The exchange exposes the gap between Tehran and the Persian Gulf over the shape of the post-war order, as the United States works to keep its Arab partners aligned behind the 60-day process to implement the memorandum that ended the war, and Iran presses its claim over the strait.
The Manama statement, co-chaired by Rubio and Bahraini Foreign Minister Abdullatif bin Rashid Al Zayani with foreign ministers from all six GCC states, welcomed the June 17 memorandum and recognised the mediation roles of Pakistan and Qatar, the US State Department said. The ministers stressed the shared objective of preventing Iran from ever developing or acquiring a nuclear weapon, and said lasting regional peace required addressing the full spectrum of Iran's threats, including its ballistic missiles, drones and support for proxies.
The Gulf ministers said future trade and investment with Iran would be conditional and reversible, contingent on Tehran's compliance with the memorandum and a final agreement, and on an end to what they called its destabilising behaviour.
On the strait, the statement said free, unconditional and unrestricted navigation remained essential to regional and global security, and the ministers rejected any tolls, fees or attempts to assert control over the waterway, welcoming Oman's establishment of a temporary corridor.
Rubio, on his Gulf tour, sought to play down the dispute over the strait, saying the distinction between a toll and a fee was a matter of semantics and that the United States would not do anything to undermine the security of its longstanding regional allies.
In its response, Iran's foreign ministry said the claim of a lasting US commitment to GCC security was rhetoric and an inversion of reality, arguing that the US military presence was a burden on the region's nations and a source of insecurity.
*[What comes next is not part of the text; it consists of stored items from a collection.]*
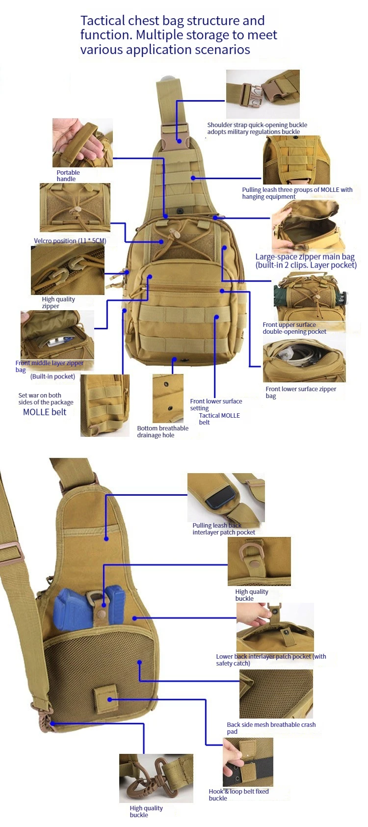 Esta bolsa sigue utilizando tela de nailon impermeable 900D, un forro de nailon ligero, una capa de amortiguación en la parte posterior de malla y tela transpirable. Correas militares y sujetadores de PE de alta calidad. Al adoptar un diseño de almacenamiento tridimensional y un sistema MOLLE, se puede lograr un almacenamiento de gran capacidad en pequeñas dimensiones externas, mientras que también se puede lograr una extensión adicional a través del almacenamiento externo multipunto. La correa de hombro individual adopta una correa de liberación rápida de doble punto similar a la forma de la correa de respuesta rápida del subfusil. La cabeza tiene una hebilla de liberación rápida que se puede separar rápidamente, y la cola de la correa se puede utilizar para mover rápidamente la bolsa en el cuerpo a través de la transposición bilateral. Al mismo tiempo, el diseño del lazo de enlace del cinturón de velcro en la parte posterior inferior de la bolsa se refiere al concepto del cinturón de fijación horizontal de la máscara de gas de estilo soviético, pero el diseño de la correa de enlace directo es más simple y conveniente que el diseño de la correa auxiliar horizontal tipo A, Que puede garantizar la estabilidad de la bolsa en el caso de correr, ciclismo, escalada en roca, descenso y otros deportes violentos. Y su versión básica como paquete de pecho táctico especializado garantiza su excelente rendimiento de servicio. El diseño es aplicable principalmente a escenas tácticas como patrullas y tareas, así como a varias escenas deportivas al aire libre como ciclismo, pesca, senderismo y montañismo.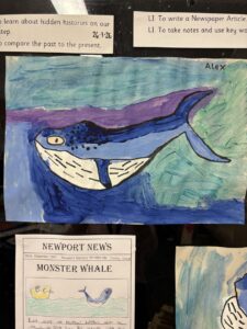 We wrote newspaper articles about the whale.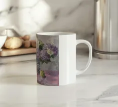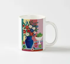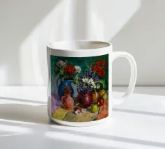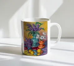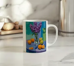 Una vivace composizione di natura morta con profumati lillà viola in un vaso blu intenso, accanto a un vaso blu più piccolo, mele verdi e limoni gialli, il tutto su un allegro sfondo giallo.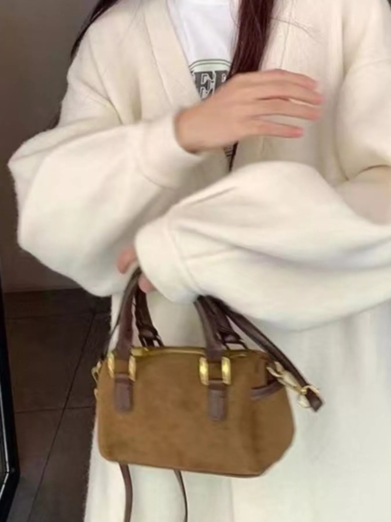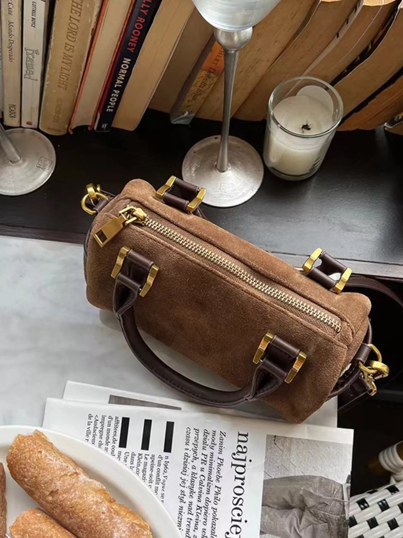 A chic small-sized mini bag crafted from a stylish blend of PU leather and suede. Compact and elegant, this piece is perfect for carrying everyday essentials while adding a refined touch to any outfit.
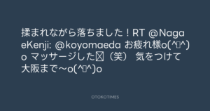 Koyo Maeda @koyomaeda – 10:34・2011年5月25日 2011 5/25 前田耕陽 2011-05-25 揉まれながら落ちました!RT @NagaeKenji: @koyomaeda お疲れ様o(^▽^)o マッサージした⁇(笑) 気をつけて大阪まで~o(^▽^)o Source:https://x.com/koyomaeda/status/73200353352486912 text X Post 前田耕陽 前田耕陽 この記事が気に入ったら フォローしてね! Follow @OtokoTimes1988 よかったらシェアしてね! URLをコピーしました! Koyo Maeda @koyomaeda - 10:31・2011年5月25日 青山英樹 @aoyama_hideki - 13:02・2011年5月25日 関連記事 Artist 前田耕陽 1968.08.16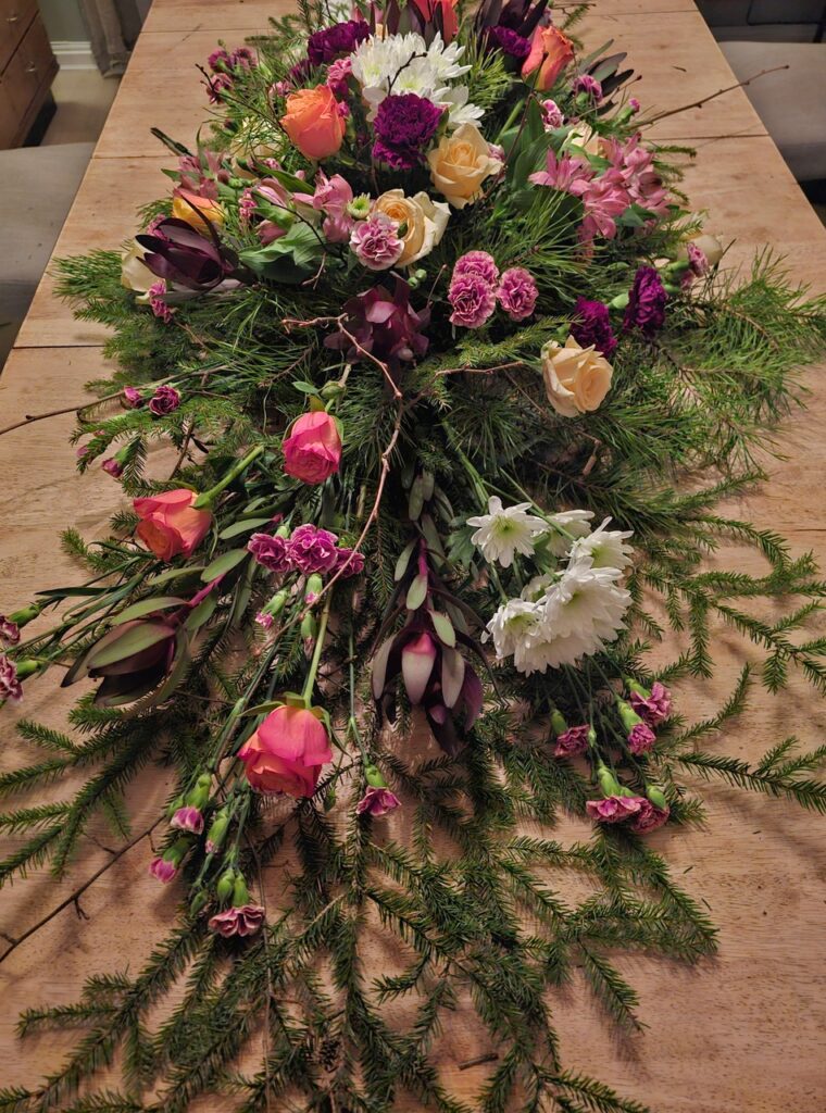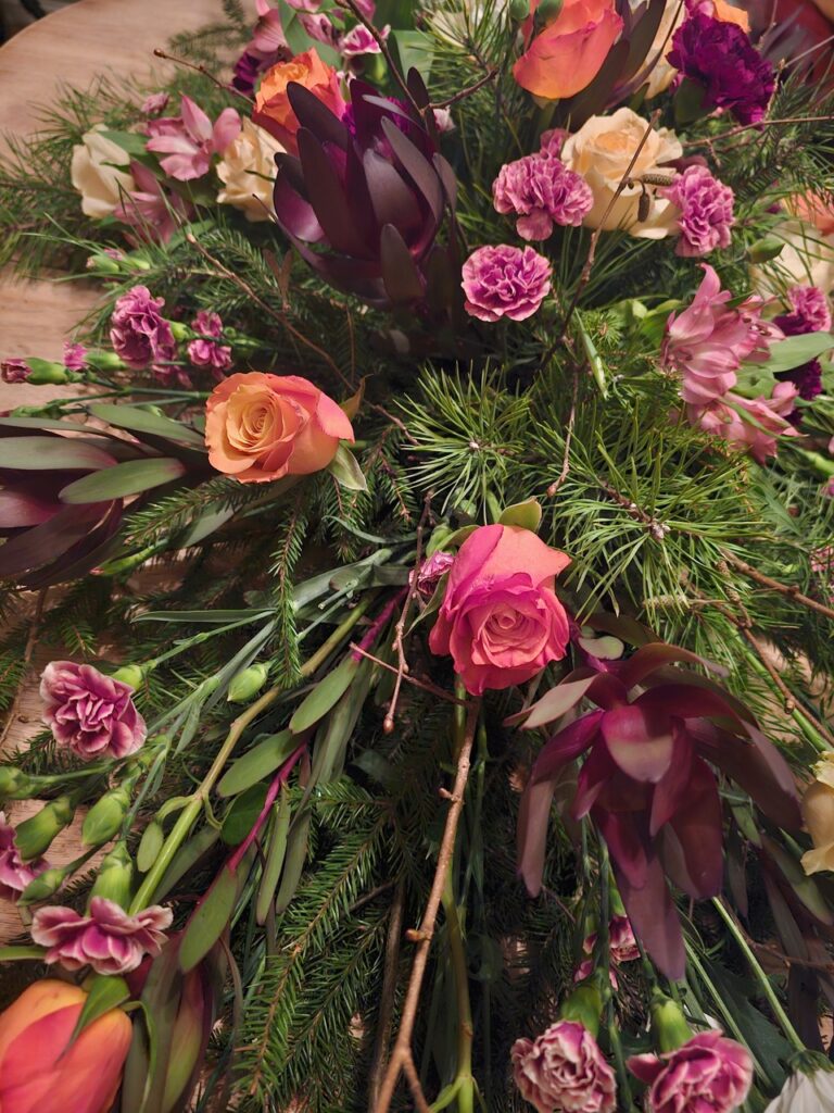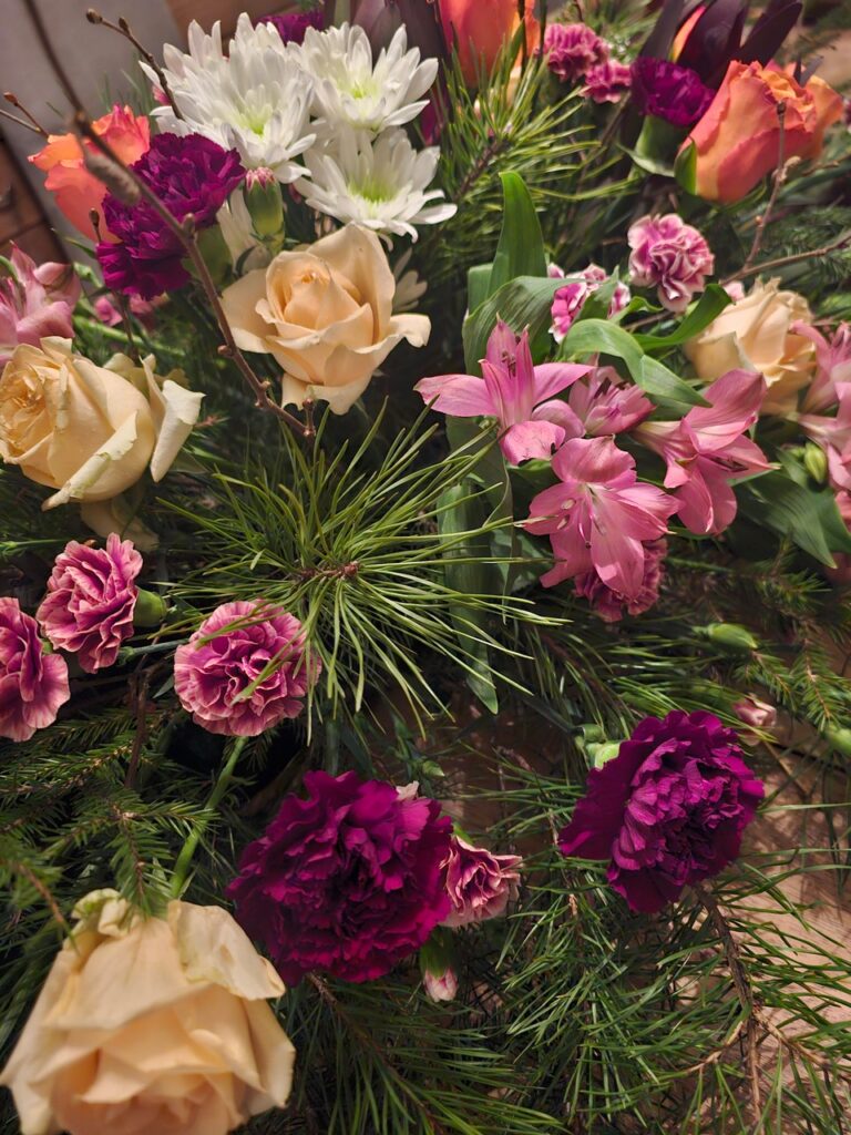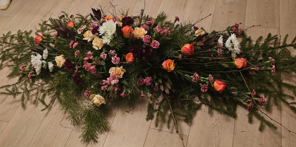 Av og til har tilbudt meg å hjelpe en familie som har mistet et kjært familiemedlem, eller en kjær venn. De synes det var en fin og god opplevelse og bli med å lage personlige hilsener selv. Det er flere som har fortalt at dette burde jeg tilby flere. Noe ble hentet fra privat hage, som gjør at det oppleves nærere. De skrev en hilsen med egen håndskrift på sløyfe båndet. Sløyfe båndene er ikke med på bildene, fordi dette er veldig privat.

It said the US use of bases in regional countries to attack Iran during the war, between February 28 and April 8, showed Washington placed no value on the security of regional states.
The ministry condemned the characterisation of Iran's defensive capabilities as a threat, saying talk of its missile and drone programmes was irresponsible at a time when the United States had drawn Gulf states into an arms race. It rejected what it called a fabricated claim about Iran's peaceful nuclear programme and urged GCC governments to join Iran in pursuing a West Asia free of nuclear weapons.
On the Strait of Hormuz, the ministry said the waterway lay within the territorial waters of the two coastal states, Iran and Oman, and that clause 5 of the war-ending memorandum would be the basis for managing shipping there.
The ministry expressed regret at the GCC describing Palestinian and Lebanese resistance as Iranian proxy forces, and called on Gulf states to reconsider their approach to regional security, reiterating that collective security could only be achieved through cooperation among regional states without foreign interference.